Drake’s messing around with Tory had been around the time of my Jeep getting bashed to hell. For a moment, I tried to make myself believe Bryn had done it because of something Drake had done to Tory, but that didn’t add up. It was my Jeep, and I hadn’t done shit to her. She had said she made a mistake, but she knew I drove that Jeep. She had seen it at work. We had parked beside each other a few times. I’d said good morning to her as we got out of our vehicles.
“Does she live with her sister and nephew?” Henley asked.
I nodded. “Yeah.” That much I did know. I hadn’t been aware Tory had a son, but I did know they lived together. It had been on her job application.
“Maybe she needed the money because of the nephew,” Henley suggested.
“Tory can’t keep a fucking job,” Drake piped in. “She had been fired from two last time I talked to her, and she’d only been in town two weeks or something like that.”
Henley raised both her eyebrows at me, as if Drake had said something informative.
“This is Rio’s shit to handle. Let’s not meddle,” Saul said as he walked up behind Henley and placed his hand on her waist, then kissed the side of her head.
She glanced up at him. “I’m just helping. He is struggling with this. It’s in his eyes.”
Saul smirked, then shifted his gaze to me for only a second. “Yeah, he looks torn the fuck up.” He pressed another kiss to her temple.
Henley sighed. “Fine. I’ll let it go. But”—she pointed the wooden spoon in her hand at me—“don’t judge what you don’t know. Just in ten minutes’ time, you found out she had a nephew living with her. I have a feeling there is more to her story.”
“You don’t know the girl,” Saul said, amused. “How do you have a feeling?”
She shrugged. “Because Rio cares enough about her that it’s upset him. She must have something about her that makes her special.”
Drake snorted with laughter, and I didn’t even look his way. I knew that laugh, and I knew whatever was about to come out of his mouth was going to piss me off.
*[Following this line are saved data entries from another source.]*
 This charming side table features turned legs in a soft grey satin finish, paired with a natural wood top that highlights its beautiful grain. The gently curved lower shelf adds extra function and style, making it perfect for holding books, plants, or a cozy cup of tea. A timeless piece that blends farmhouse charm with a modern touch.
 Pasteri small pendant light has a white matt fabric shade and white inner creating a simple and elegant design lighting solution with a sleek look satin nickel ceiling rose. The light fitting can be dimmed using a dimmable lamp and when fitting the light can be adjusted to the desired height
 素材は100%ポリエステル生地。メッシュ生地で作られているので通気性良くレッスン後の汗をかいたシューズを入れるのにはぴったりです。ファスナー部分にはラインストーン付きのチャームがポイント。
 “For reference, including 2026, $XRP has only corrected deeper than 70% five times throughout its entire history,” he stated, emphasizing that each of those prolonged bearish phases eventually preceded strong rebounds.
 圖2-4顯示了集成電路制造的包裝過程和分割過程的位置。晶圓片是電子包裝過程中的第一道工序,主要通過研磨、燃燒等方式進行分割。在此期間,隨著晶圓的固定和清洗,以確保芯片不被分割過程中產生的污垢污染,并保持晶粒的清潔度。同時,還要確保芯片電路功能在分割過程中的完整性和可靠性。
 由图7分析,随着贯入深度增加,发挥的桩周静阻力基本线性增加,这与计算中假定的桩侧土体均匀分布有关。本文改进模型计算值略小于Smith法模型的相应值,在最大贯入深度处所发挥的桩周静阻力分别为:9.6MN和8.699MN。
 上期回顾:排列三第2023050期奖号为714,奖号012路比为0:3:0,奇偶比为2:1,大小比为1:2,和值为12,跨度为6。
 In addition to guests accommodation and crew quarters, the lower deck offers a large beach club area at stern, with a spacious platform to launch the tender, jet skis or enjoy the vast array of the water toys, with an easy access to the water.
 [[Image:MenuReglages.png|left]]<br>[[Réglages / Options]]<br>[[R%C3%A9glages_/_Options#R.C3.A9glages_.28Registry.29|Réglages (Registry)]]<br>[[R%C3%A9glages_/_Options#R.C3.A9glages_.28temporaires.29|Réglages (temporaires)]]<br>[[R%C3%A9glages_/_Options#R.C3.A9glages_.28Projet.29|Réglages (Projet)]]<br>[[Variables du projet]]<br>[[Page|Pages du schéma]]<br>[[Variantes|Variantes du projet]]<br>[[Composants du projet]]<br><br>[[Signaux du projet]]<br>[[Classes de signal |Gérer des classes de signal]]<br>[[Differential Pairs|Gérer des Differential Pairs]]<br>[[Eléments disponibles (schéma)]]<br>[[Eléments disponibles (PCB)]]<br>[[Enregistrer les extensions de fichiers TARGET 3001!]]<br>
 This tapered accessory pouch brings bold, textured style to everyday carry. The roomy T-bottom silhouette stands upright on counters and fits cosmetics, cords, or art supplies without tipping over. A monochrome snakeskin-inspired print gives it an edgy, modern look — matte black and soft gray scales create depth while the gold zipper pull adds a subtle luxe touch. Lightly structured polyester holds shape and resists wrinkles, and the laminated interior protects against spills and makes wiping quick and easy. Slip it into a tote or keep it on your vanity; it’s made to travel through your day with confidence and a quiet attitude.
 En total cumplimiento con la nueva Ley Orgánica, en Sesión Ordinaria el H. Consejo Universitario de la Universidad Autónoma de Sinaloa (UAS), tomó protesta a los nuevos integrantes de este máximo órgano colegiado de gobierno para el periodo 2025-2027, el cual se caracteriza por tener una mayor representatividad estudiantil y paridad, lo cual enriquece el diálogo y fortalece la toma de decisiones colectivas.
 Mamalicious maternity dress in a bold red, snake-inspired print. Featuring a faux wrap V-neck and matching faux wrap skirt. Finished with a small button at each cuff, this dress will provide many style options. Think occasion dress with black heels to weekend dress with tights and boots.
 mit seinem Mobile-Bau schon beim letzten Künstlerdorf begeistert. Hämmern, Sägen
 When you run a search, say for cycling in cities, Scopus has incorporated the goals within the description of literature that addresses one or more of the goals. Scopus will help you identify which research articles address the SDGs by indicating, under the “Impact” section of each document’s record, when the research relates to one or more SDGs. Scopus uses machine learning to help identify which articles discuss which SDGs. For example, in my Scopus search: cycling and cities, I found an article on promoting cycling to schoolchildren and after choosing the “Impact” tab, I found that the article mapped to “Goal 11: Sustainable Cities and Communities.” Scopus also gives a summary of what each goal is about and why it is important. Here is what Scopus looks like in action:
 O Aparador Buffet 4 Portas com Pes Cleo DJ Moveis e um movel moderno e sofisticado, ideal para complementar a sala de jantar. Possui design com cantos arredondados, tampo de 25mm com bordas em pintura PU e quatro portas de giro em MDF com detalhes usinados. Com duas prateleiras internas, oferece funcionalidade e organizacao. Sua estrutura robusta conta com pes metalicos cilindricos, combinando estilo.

I went to the fridge to get a beer instead.
“Yeah, her tits are pretty damn special,” Drake said.
I slammed the fridge with more force than necessary and glared at him.
“Easy, boys,” Saul said from behind me.
“Don’t be a jerk,” Henley told Drake.
“I don’t care about her. I did once, but that world fucked her up. Seeing her so damn screwed up is hard. It reminds me what could have happened to me.” I stopped. I wasn’t going to talk about my mom. “I’m going to take a shower. I’ll be back for food later,” I said to Henley before heading out of the kitchen.
“What?” I heard Drake ask. “I didn’t know that was going to make him pissy.”
I didn’t wait to hear what else was said before making my way to the stairs. Henley was right about my not knowing Bryn’s life. We had spoken at work briefly, and then I had only asked her if she was enjoying her job. Giving her a job had felt good, but I hadn’t been interested in catching up. She was part of a time in my life I didn’t want to think about.
Closing the door to my bedroom, I went directly to the bathroom and turned on the water to the shower. Thinking about Bryn wasn’t doing me any good. That was a part of my past, and bringing her into my life now had been a mistake six months ago. I wasn’t going to do it again. She was no longer the girl in the trailer next door who needed saving. She was a grown-ass adult, and we lived two different lives.
There had never been closure for me with her, and that was all this had been. I had found my mom dead, my grandparents showed up, and I was gone without even a good-bye to Bryn. I had worried about her for months until life moved on and her memory slowly faded.
I knew the life she’d had as a child and the kind of effect that could have on you. My grandparents had saved me. They had turned me around. I was different because of the life they had given me here. If my mom hadn’t died and I’d continued living in that life, there was a good chance I would be in jail by now.
Bryn hadn’t been saved, and it was too late to save her. She was the result of a very broken, fucked up childhood. I couldn’t continue to let myself remember the girl she had been because I wasn’t that boy anymore. We were grown. The days of turning things around for her were over. She was a product of the life she had been given.